Collected data:
+++

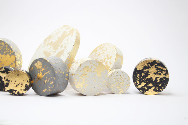 A round cabinet knob decorated with a genuine 23k gold leaf. The knobs can be grey, white, black or otherwise pigmented concrete. Available in 5 sizes.
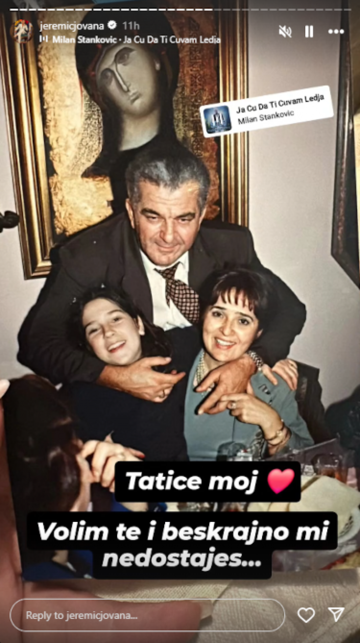 - Татице мој, волим те и бескрајно ми недостајеш - стајало је у објави, док је у позадини свирала нумера од Милана Станковића "Ја ћу да ти чувам леђа".
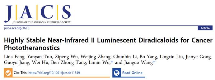 >> 武利民教授和王建国教授联合团队关于高稳定近红外II区有机双自由基光诊疗试剂构筑及抗癌研究成果在国际化学顶级期刊《Journal of the American Chemical Society》发表
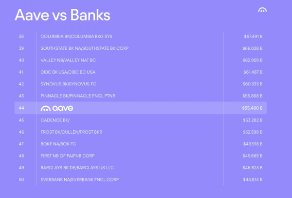 Объем чистых депозитов достиг рекордных $75 млрд. За пять лет с момента запуска протокол обработал платежи на $3,3 трлн и выдал кредиты на сумму свыше $1 трлн. Все это поставило Aave в ряд с 50 крупнейшими банками в США, подчеркнул Кулечов.
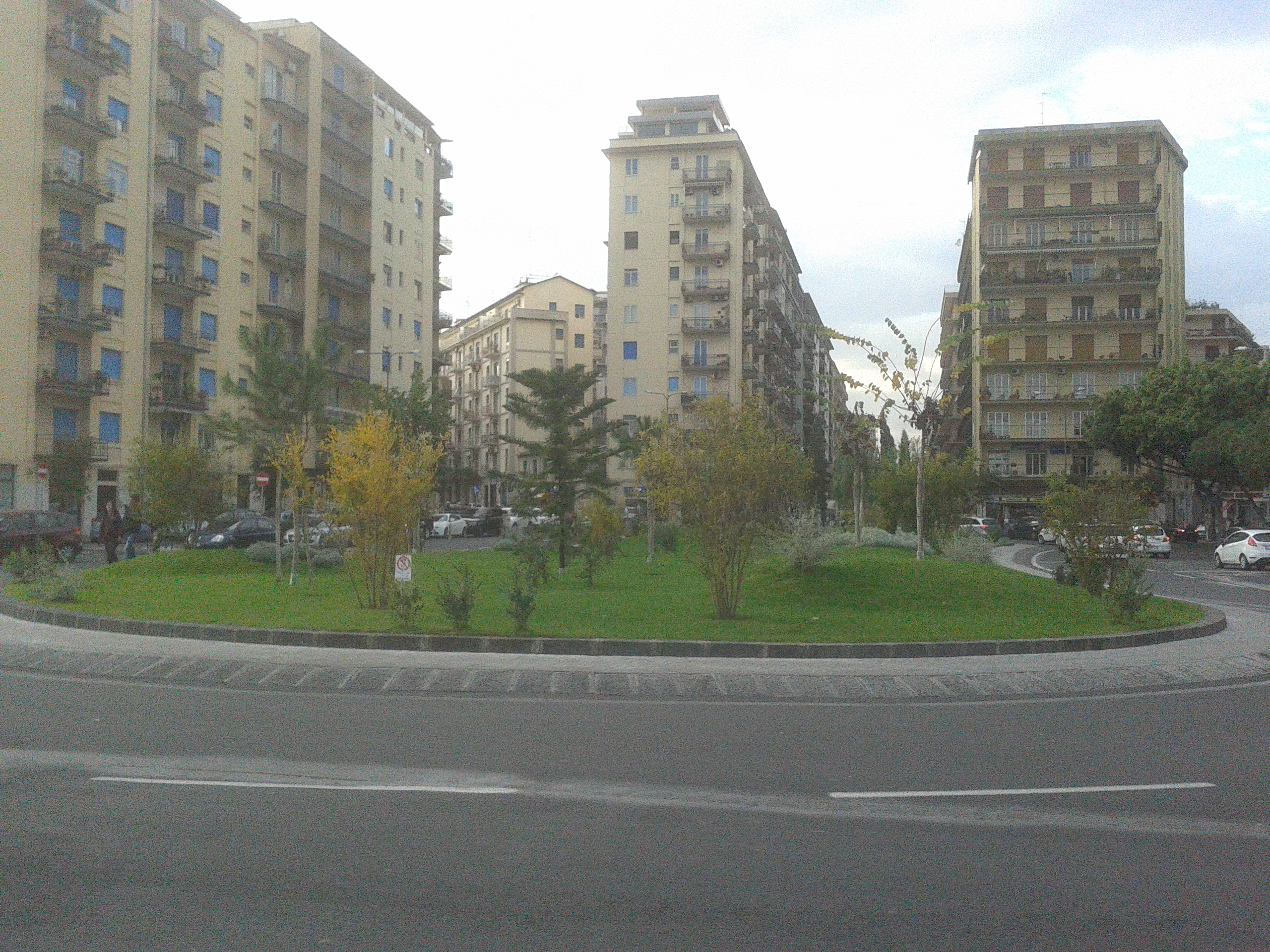 I marciapiedi sono stati rifatti nello stesso periodo di rifacimento della piazza-rotatoria e non sono sconnessi come accade altrove in città ma, al contrario della piazza centrale, non vengono spazzati regolarmente dagli addetti alle pulizie e gli impianti automatici per l’irrigazione delle aiuole non ricevono manutenzione. Nessuna luminaria, inoltre, per il periodo festivo e la normale illuminazione è flebile. Così, la sera, la zona è in penombra e diventa luogo di appuntamento per la prostituzione.
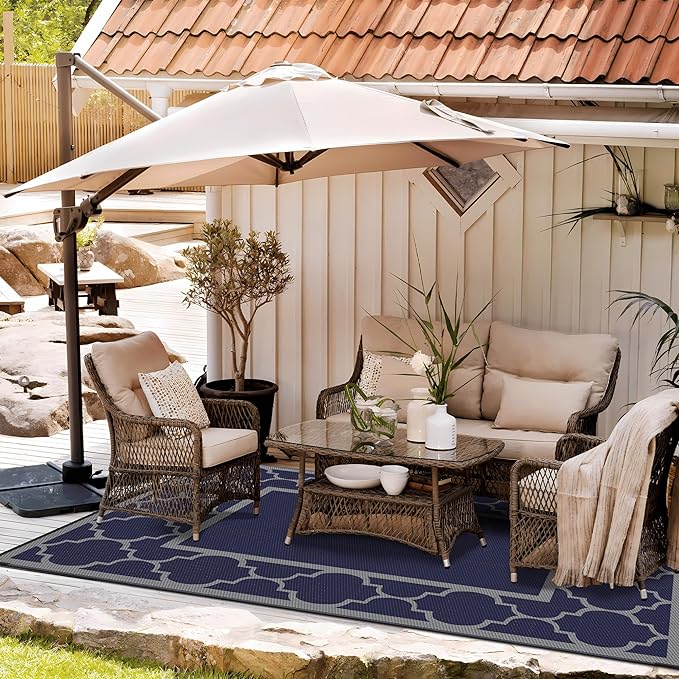 - Mood-Boosting Colors:Choose stain-resistant dark tones or go modern with blue & white or black. The reversible mat, with outdoor carpet qualities, is easy to clean and coordinates seamlessly with various decors. Whether placed on your deck or under a shaded umbrella, it serves as the perfect outdoor patio rug to match the style of your pamapic outdoor furniture.It’s an excellent piece for fall home decor or to use as a stylish outdoor rug fall accent

+++

What needs to be done:
Only lines belong in the copy: transcribe those from the start of the data through the line that contains "American Chemical Society》发表", and skip the pictures.

Finished task:
 A round cabinet knob decorated with a genuine 23k gold leaf. The knobs can be grey, white, black or otherwise pigmented concrete. Available in 5 sizes.
 - Татице мој, волим те и бескрајно ми недостајеш - стајало је у објави, док је у позадини свирала нумера од Милана Станковића "Ја ћу да ти чувам леђа".
 >> 武利民教授和王建国教授联合团队关于高稳定近红外II区有机双自由基光诊疗试剂构筑及抗癌研究成果在国际化学顶级期刊《Journal of the American Chemical Society》发表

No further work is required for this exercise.